Telling herself she was briefly disoriented, she then decided to think back on the route she'd followed and then reorient herself.

A glance at the road name on the building's wall helped her.

This was Rue Herbillon. She thought that rang a bell.

The boulangerie she was searching for must be somewhere down the next street, surely? She remembered the shop itself vividly from when she was last here. A tiny, hole in the wall bakery, from which the delicious aroma of baking bread emanated, filling the street with its seductive smell. If she got onto the right road, which she now thought she remembered, she might smell this place before she even saw it, in the cool, damp spring air.

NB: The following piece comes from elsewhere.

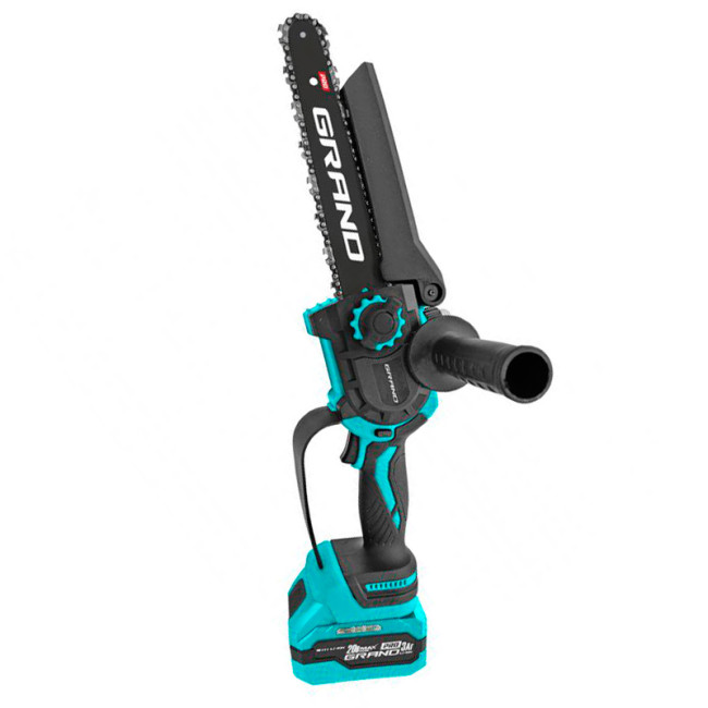 Акумуляторна ланцюгова пилка Grand АПЦ-8М/3-2 має високу якість складання і створена на основі безщіткового двигуна (Brushless). Дана пилка призначена для зрізання або обрізання гілок, розпилу свіжої, сухої та мокрої деревини діаметром до 20 см.

Hearing a noise behind her, that sense of unease that hadn't fully dissipated sparked again, and she spun around.

But it was only the rattle of tires on the cobblestones.

Headlights gleamed, and she stepped hastily aside, moving to the narrow sidewalk, her boots slipping on the smooth, uneven stones, as a van turned past her and rattled slowly down the road.

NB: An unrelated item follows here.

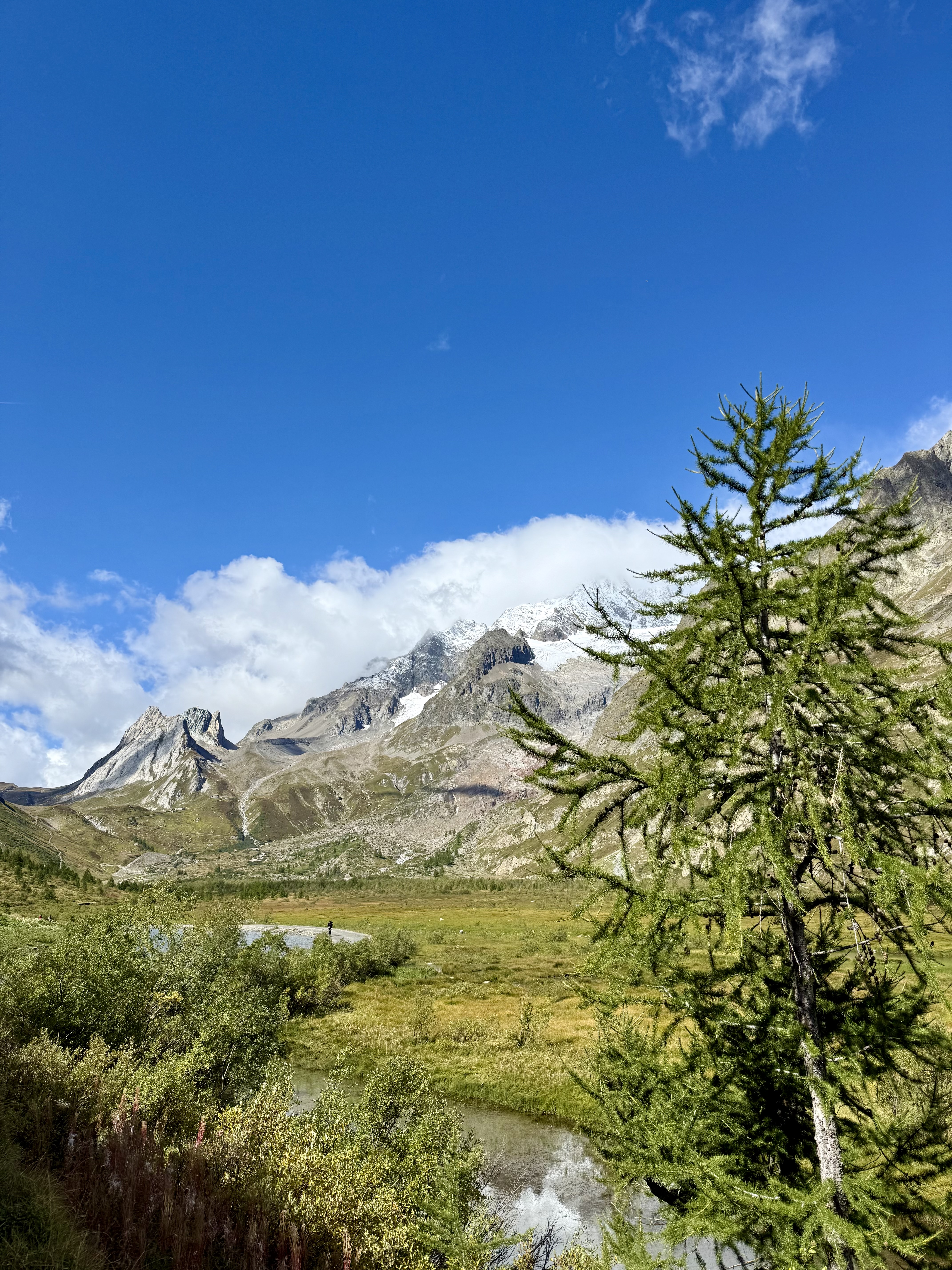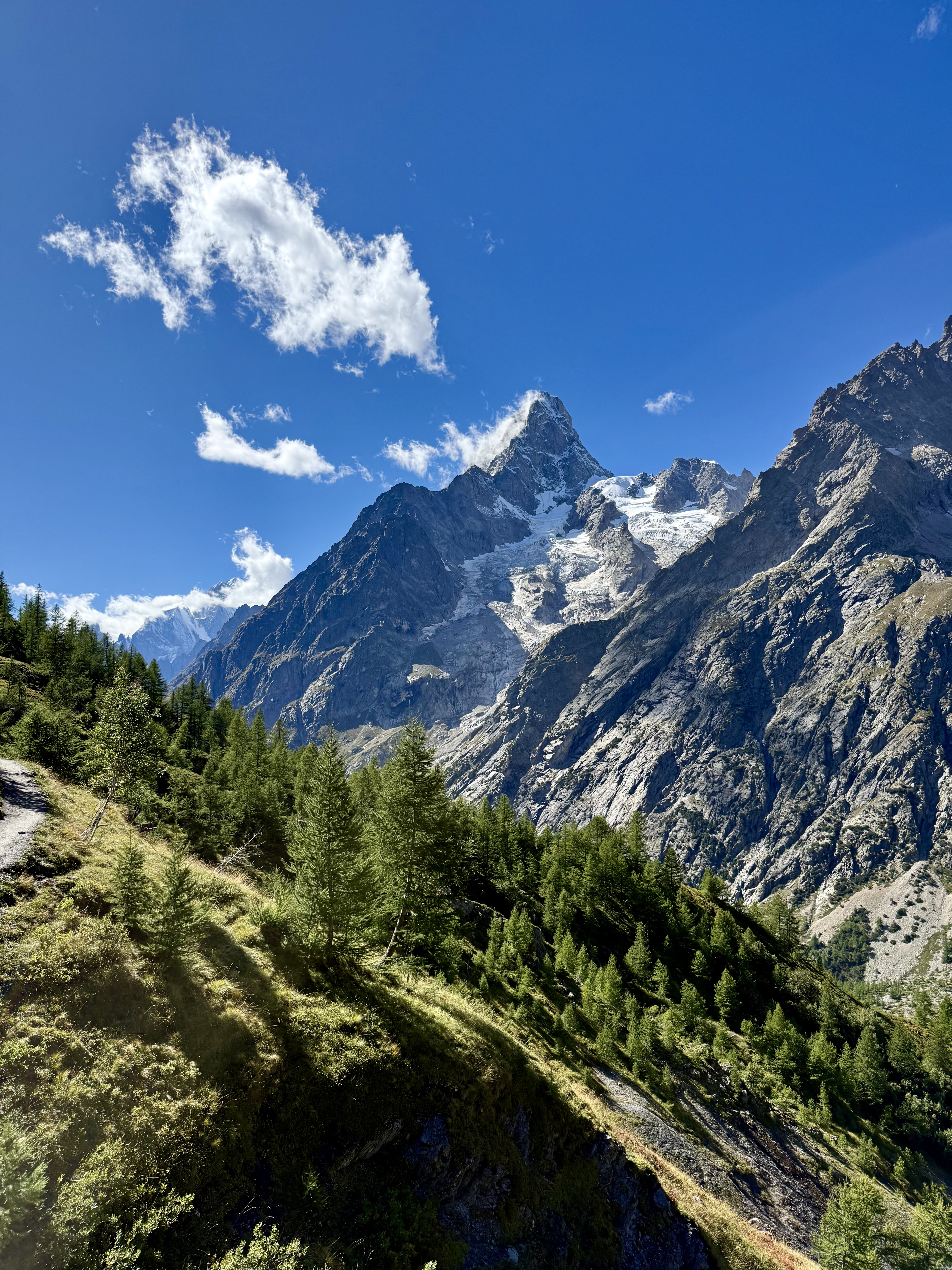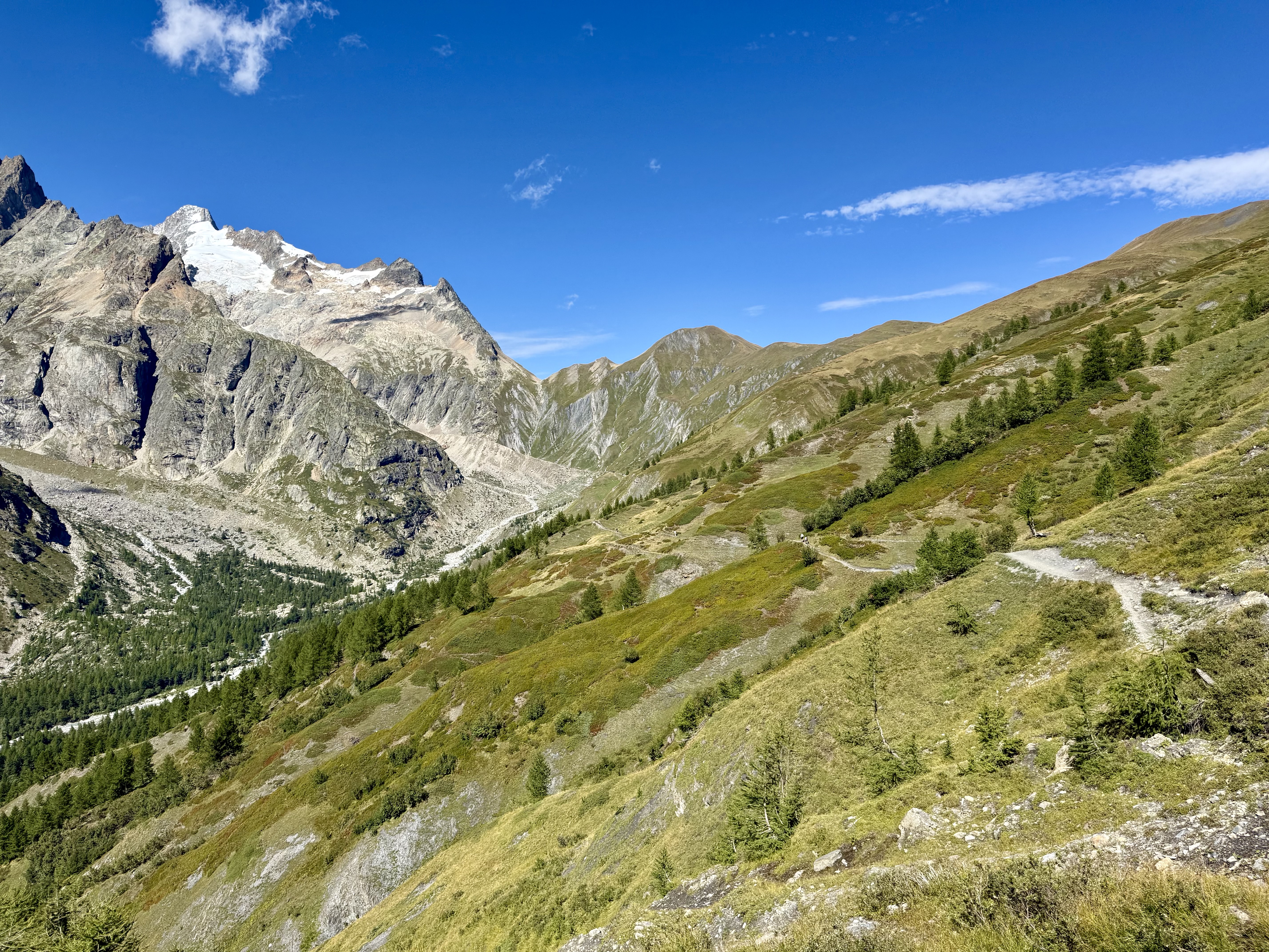 The bus took us a few stops past La Fouly to Ferret, and we began to hike uphill through cow pastures towards Grand Col Ferret, where we got our first view of the Italian side of the Mont Blanc (or Monte Bianco, at that point) massif. As soon as we got to Italy the people were friendlier, the food tastier, and the views better. This was one of my favourite sections of trail and I soon forgot my dramatics from the morning. I can’t wait to run here in the future, the trails are smooth and flowy and the views are some of the best I’ve ever seen. We stopped at a refuge or two for snacks and espresso and eventually made our way down to Lavachey where we caught a free tourist bus to Courmayeur. I couldn’t recommend this section enough and will definitely return here.

She read the logo on the front."Plomberie."A plumber's van.

This service provider surely knew the local roads? Perhaps he'd stop and help her.

"Monsieur?" she called. "Arretez, s'il vous plait? Je suis perdu."

But even her request to stop, because she was lost, didn't touch the heart of the dark-haired, sallow-faced man behind the wheel.

He gave her a world-weary shrug and drove on, rivulets of water swishing up from the wheels as he traversed a puddle. Only as he passed did she realize he was on the phone, talking rapidly into the speaker, unwilling to stop his conversation to help her.

"Cochon," she muttered. It made her feel better to call him a pig, made her feel like for once she could fling an insult, if only in that narrow alleyway, while talking to a random stranger who couldn't hear her and whose car had already passed.

Having a father who was a career politician meant she had to keep a tight rein on her tongue and temper, neither of which usually liked to be controlled. But since her father's appointment as an ambassador, which had taken the family to Italy, Great Britain, and Turkey in the past ten years, before arriving back in France, she'd had to learn some tough lessons in diplomacy herself.

Now, at the age of twenty-one and supposedly an adult, she was realizing the world wasn't free, and that she still couldn't do what she wanted or behave how she liked. Except now, briefly, and anonymously, to that inconsiderate driver who hadn't even bothered to help her. She stuck out her tongue at him, knowing he wouldn't even notice, that he had forgotten about her the instant he’d passed by.

Claudette stepped off the precarious sidewalk and back into the road, frowning in concentration as she pieced together where she was now.

She was becoming more and more convinced that the boulangerie was on the parallel street. So all she had to do was find the next cross street, and turn down it.

There was one, up ahead, and it seemed to go in the right direction - never a certainty in the warren of alleys and side roads that crisscrossed central Paris.

This tiny roadway was a footpath only, too narrow for any car to drive down. Ahead, she could see the crossroad at its end was wider and better lit, bustling with people and cars. But in this passage, she would be all alone. Was it safe?

Then she saw something, a few yards inside the alleyway, that drew her eye. What was that?